As as example, we considered the function: \[f(x) = (1/2-x)^2 + \cos(2 \pi x).^2.\]

We sample the function at \(n\) equispaced points \(x_i = i/(n+1)\), where \(i = 0, 1, 2, ..., n\). Given the bunch of points \(\{x_i, f_i\}\), we approximate the function using a sum of discrete cosine functions, \[f(x) \approx \sum_{j=0}^{N-1} a_j v_j(x_i),\] where, \(v_j(x) = \cos(2 \pi j x)\) is a typical orthogonal basis function, and \(N\) is the number of basis functions used.

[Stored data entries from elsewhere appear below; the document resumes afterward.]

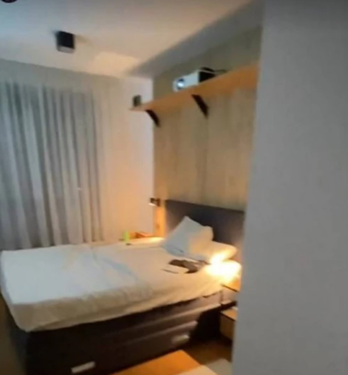 Iz prostranog dnevnog boravka se uskim hodnicima dolazi do spavaće sobe u kojoj se nalazi ogroman video-projektor i francuski ležaj.
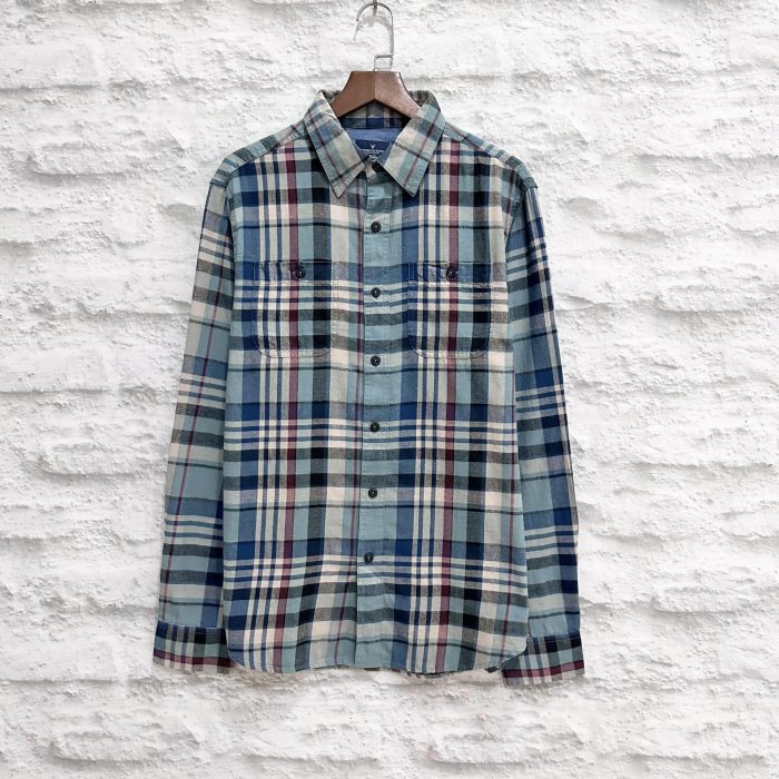 優寶購物《ubao.Tw》特貨品商城,黑貓宅配,取貨付款,Maple麋鹿小舖 American Eagle * AE 基本款棉格紋長袖襯衫 * ( 現貨XS號 ) | Yahoo拍賣
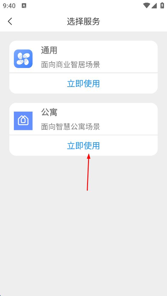 3、進(jìn)入選擇服務(wù)頁面,選擇如公寓等服務(wù),點(diǎn)擊立即使用。
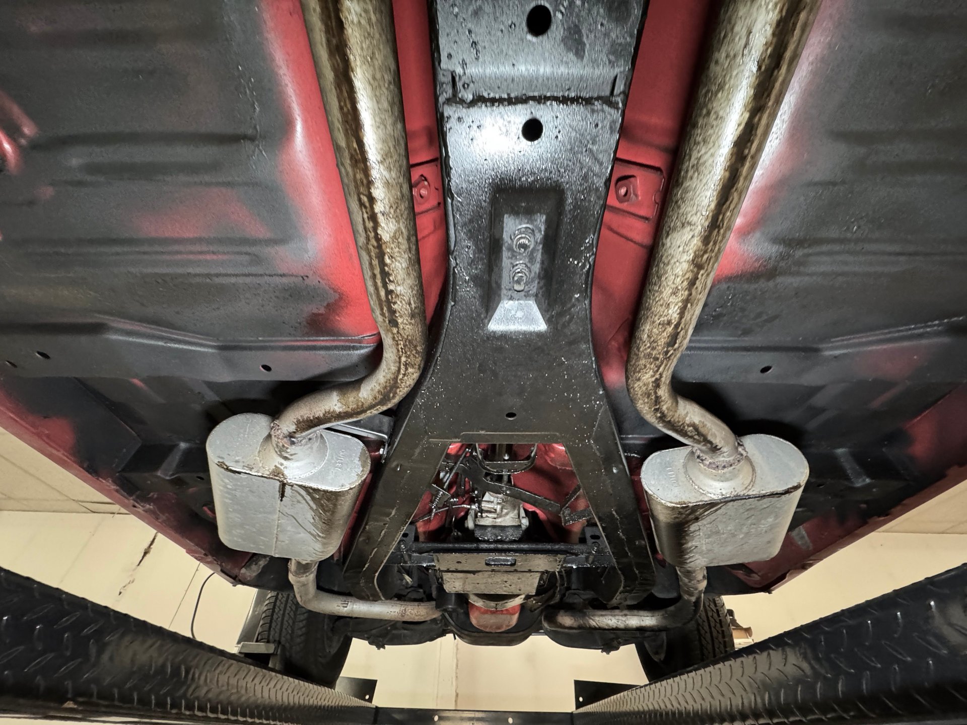 Clean underneath with the exception of some road spray and oil on the pan which has drifted back to mark the flywheel cover and exhaust components. That exhaust is a dual system that flows through Thrush mufflers before finding an exit via chrome tips. Power drum brakes are supplied to all four wheels and suspension is configured as coil springs up front and a 3 link, coil springs, and a panhard bar out back.
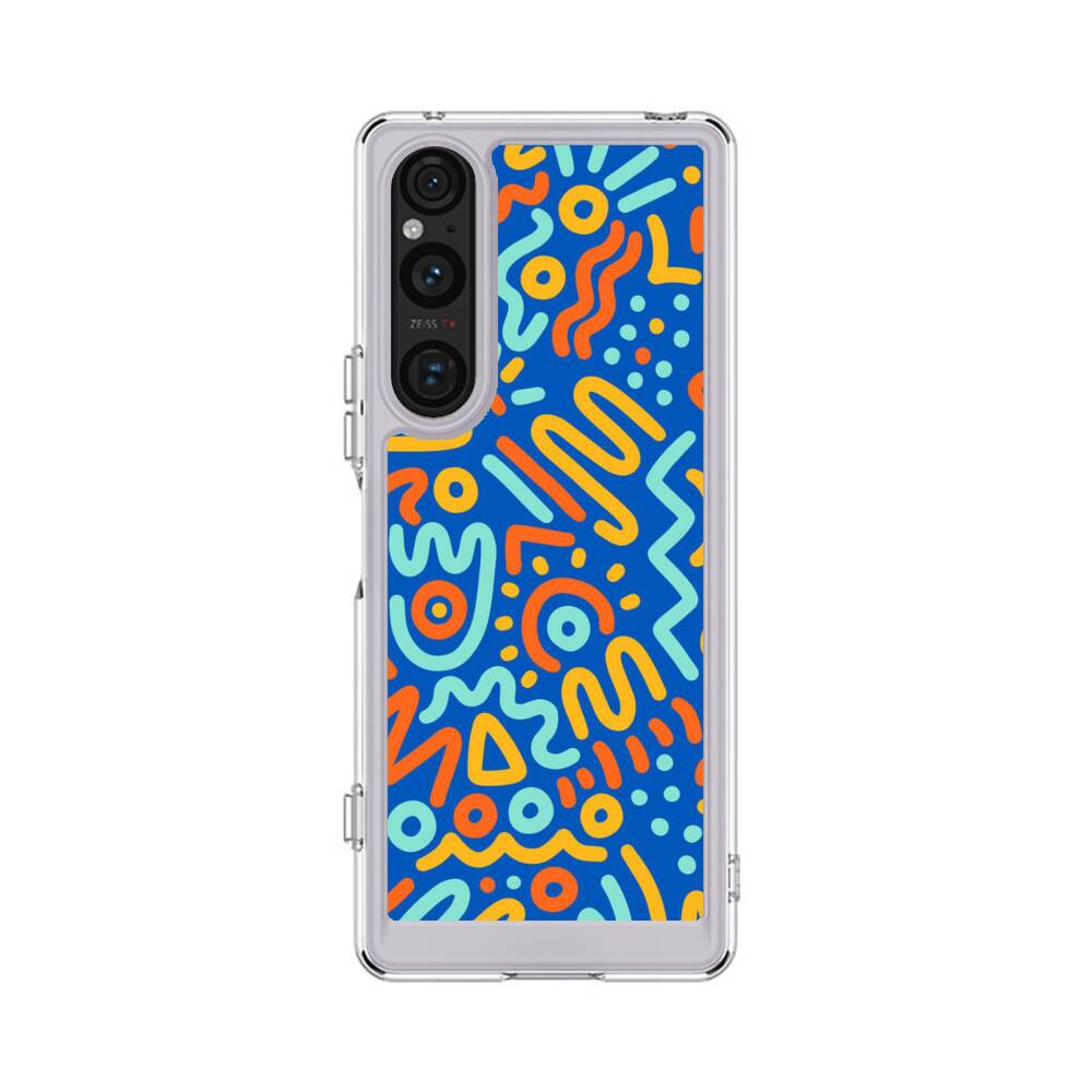 Blaue Schnörkel Sony Xperia 1 V Silikon Hülle● Sehr robust & langlebig
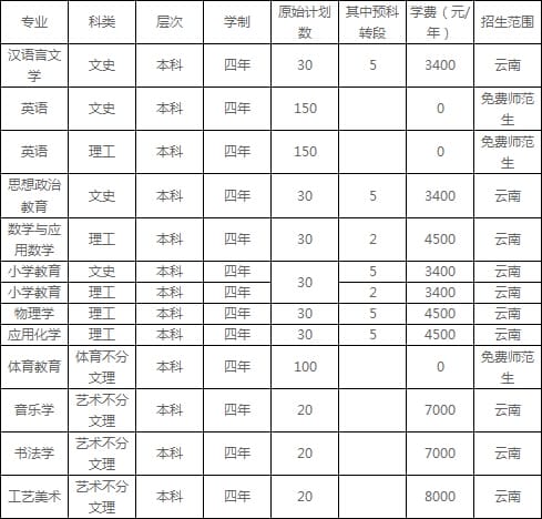 第十二条 体育、音乐、美术教育专业须参加考生所在省(市、区)组织的专业统一考试。艺术类书法学专业需参加云南艺术学院组织的专业考试,我校认可其成绩。体育教育专业优先录取女生,音乐、英语教育专业优先录取男生,其他专业男女生比例不限。

In this post, we add a small wrinkle to the original problem.

Suppose we had a 2D function \(G(x,y) = f(x) f(y)\). This is certainly a special kind of 2D function. It has mirror symmetry about the centerline which it inherits from \(f(x)\). In addition, it has a very special symmetry along the \(x\) and \(y\) directions. For example, \(G(x,y) = G(y,x)\).

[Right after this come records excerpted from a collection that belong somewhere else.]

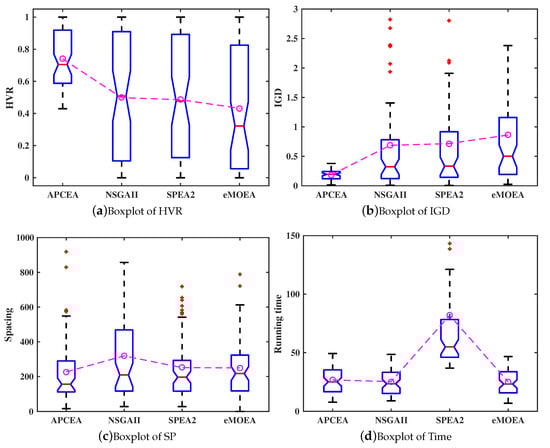 Figure 8 shows the comparison results of the four algorithms (APCEA, NSGA-II, SPEA2, -MOEA). For each performance metric, a Wilcoxon signed-rank test with the significance level of 0.05 was carried out on the results obtained by 30 independent runs of each method. The comparison results illustrate that the proposed APCEA performs significantly better than other three MOEAs in terms of HVR and IGD indicators. However, the APCEA is only significantly better than NSGA-II in three MOEAs for the metric of spacing, and it is only significantly better than SPEA2 in three MOEAs on the metric of running time. It can be concluded that the comprehensive performance of the proposed APCEA is still the best among the four algorithms.
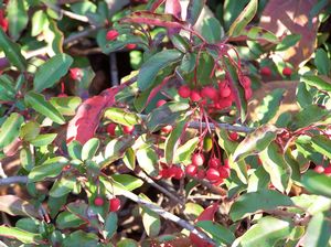 BROADLEAF EVERGREEN SHRUBSStransvaesia davidii var. undulata prostrata – This little-known shrub came our way from the now defunct Environmentals Nursery on the North Fork of Long Island (sad emoji here). This is a virtually unknown shrub to most gardeners and one that deserves great attention. Tongues of satiny dark green leaves turn a beguiling red to maroon in the autumn landscape and hang on through the winter on this virtually evergreen ground covering shrub. Flattened clusters of white May/June flowers are followed by persistent bright red pomes held in space by long arching pedicels. The shrub stands about 1-foot tall but some stems may grow taller. Though it trends horizontally in irregular fashion it will sometimes send up even taller vertical stems which may be allowed or pruned out depending upon your wishes. The extraordinary beautiful Stransvaesia davidii var. undulata prostrata deserves more attention from astute gardeners and botanic gardens. It could be fantastic on a sunny to mostly sunny slope, or utilzed as a ground covering foil facing up the larger shrub border and would be exceptional with blue conifers - those winter maroon leaves and bright red berries would set off blue-needled conifers resplendently. They are usually angular and especially odd in the pot but give them a little time... just think of the "ugly duckling" scenario... and WHAT an insult: ALLLL baby ducks are cute! Spring planting is advised in the northern end of its hardiness range. Average to fertile ground in full to part sun. Established potted shrub, cutting grown.
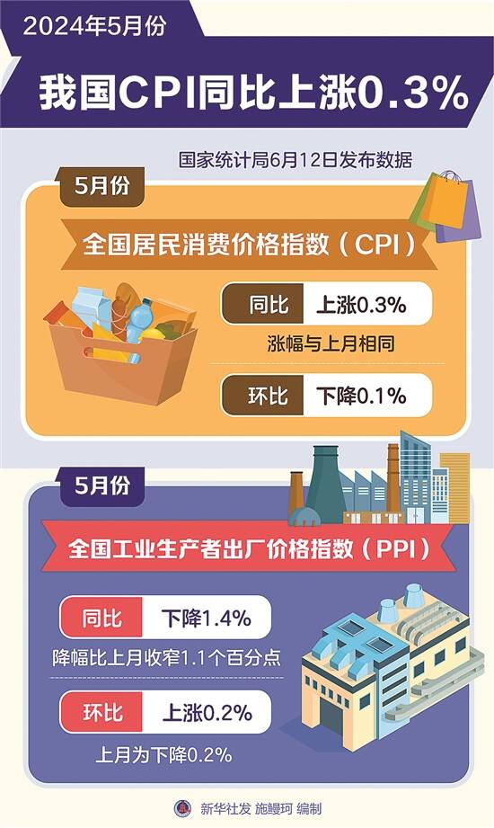 国家统计局12日发布数据,5月份,全国居民消费价格指数(CPI)同比上涨0.3%,涨幅与上月相同,环比下降0.1%;全国工业生产者出厂价格指数(PPI)同比降幅比上月收窄1.1个百分点,环比上涨0.2%。国内物价持续平稳运行。
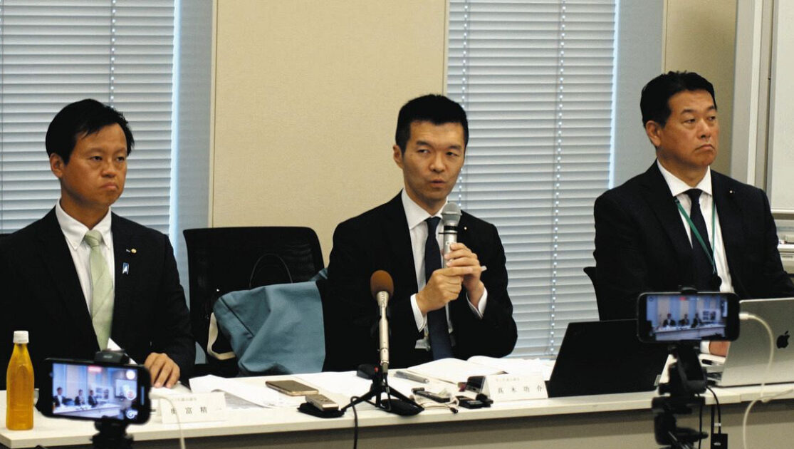 クルド人らが経営するヤード視察での「トラブル」を巡り、1日に行われた議員らの記者会見。視察を主催した高木功介埼玉県議が「民主主義に対する冒瀆(ぼうとく)だ」と訴えた。奥富精一川口市議、諸井真英県議も同席した。
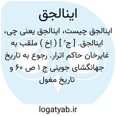 اینالجق. [ ج ُ ] ( اِخ ) ملقب به غایرخان حاکم اترار. رجوع به تاریخ جهانگشای جوینی ج 1 ص 60 و تاریخ مغول تألیف عباس اقبال شود.

For concreteness, let us use the particular \(f(x)\) that we considered above, and build a \(G(x,y)\) out of it. It looks like:

clear all
clf
% number of collocation points is (n+1)
n = 20;
% collocation points for discrete cosine series
xi = [0:n]'/(n+1);
% grid is equivalent in the x and y-directions
yi = xi;
%
% Sample Function
%
f = @(x) (1/2-x).^2 + cos(2*pi*x).^2;
[X, Y] = meshgrid(xi);
G = f(X).*f(Y);
surf(X,Y,G)
view(40,40)
xlabel('x')
ylabel('y')
zlabel('G(x,y)')

Since the "x" and "y" grid-points are at identical locations, we can assert\[G(x_i, y_j) = \sum_{j=0}^{N-1} a_j v_j(x_i) \sum_{k=0}^{N-1} a_k v_k(y_j.)\] In the matrix language developed in the original post, this is equivalent to \[\mathbf{G} = \mathbf{V a} (\mathbf{V a})^T = \mathbf{V A V^T},\] where \(\mathbf{A} = \mathbf{a a^T}\).

Using the property of orthogonality, we hit both sides with the appropriate factors to obtain \[\mathbf{V^T G V} = \frac{(n+1)^2}{4} \begin{bmatrix} 2 & 0 & 0 & 0 & 0\\ 0 & 1 & 0 & 0 & 0\\ 0 & 0 & 1 & 0& 0\\ 0 & 0& 0& 1 & 0\\ 0 & 0 & 0& 0& 1\end{bmatrix} \mathbf{A} \begin{bmatrix} 2 & 0 & 0 & 0 & 0\\ 0 & 1 & 0 & 0 & 0\\ 0 & 0 & 1 & 0& 0\\ 0 & 0& 0& 1 & 0\\ 0 & 0 & 0& 0& 1\end{bmatrix}.\] If \(\mathbf{a} = (a_0, a_1, ..., a_{N-1})\) then this implies that the RHS is equal to, \[\frac{(n+1)^2}{4} \begin{bmatrix} 4 a_0^2 & 2 a_0 a_1 & 2 a_0 a_2 & ... & 2 a_0 a_{N-1}\\ 2 a_1 a_0 & a_1^2 & a_1 a_2 & ... & a_1 a_{N-1}\\ 2 a_2 a_0 & a_2 a_1 & a_2^2 & ...& a_1 a_{N-1}\\ \vdots & \vdots & \vdots & \vdots & \vdots \\ 2 a_{N-1} a_0 & a_{N-1} a_1 & a_{N-1} a_2 & ... & a_{N-1}^2\end{bmatrix},\]

In the above equation, the LHS is known. The diagonal of the the computed matrix yields the vector \(\mathbf{a}\) that we seek.

Programmatically,

nmodes = 7;
%
% Build the matrix of basis vector V = [v_0 v_1 ... v_N-1]
%
V = zeros(n+1, nmodes);
V(:,1) = ones(n+1,1);
for j = 2:nmodes
V(:,j) = cos(2*pi*(j-1)*xi);
end
%
% Compose the matrix: The key step
% Replace small negative values with 0 to prevent imaginary roots
%
M = diag(V'*G*V);
M(M<0) = 0;
M = sqrt(M);
a = zeros(nmodes,1);
a(1) = M(1)/(n+1);
a(2:nmodes) = 2*M(2:nmodes)/(n+1);
%
% Compute Norm on the Same Grid
%
g = V*a;
Gapprox = g*g';
disp('Norm of Error');
norm(Gapprox - G)/(n+1)^2

This yields the coefficients for the basis vectors which can be used to reconstruct the function. Here are contour plots of the original data on the grid, and the smooth fitted function.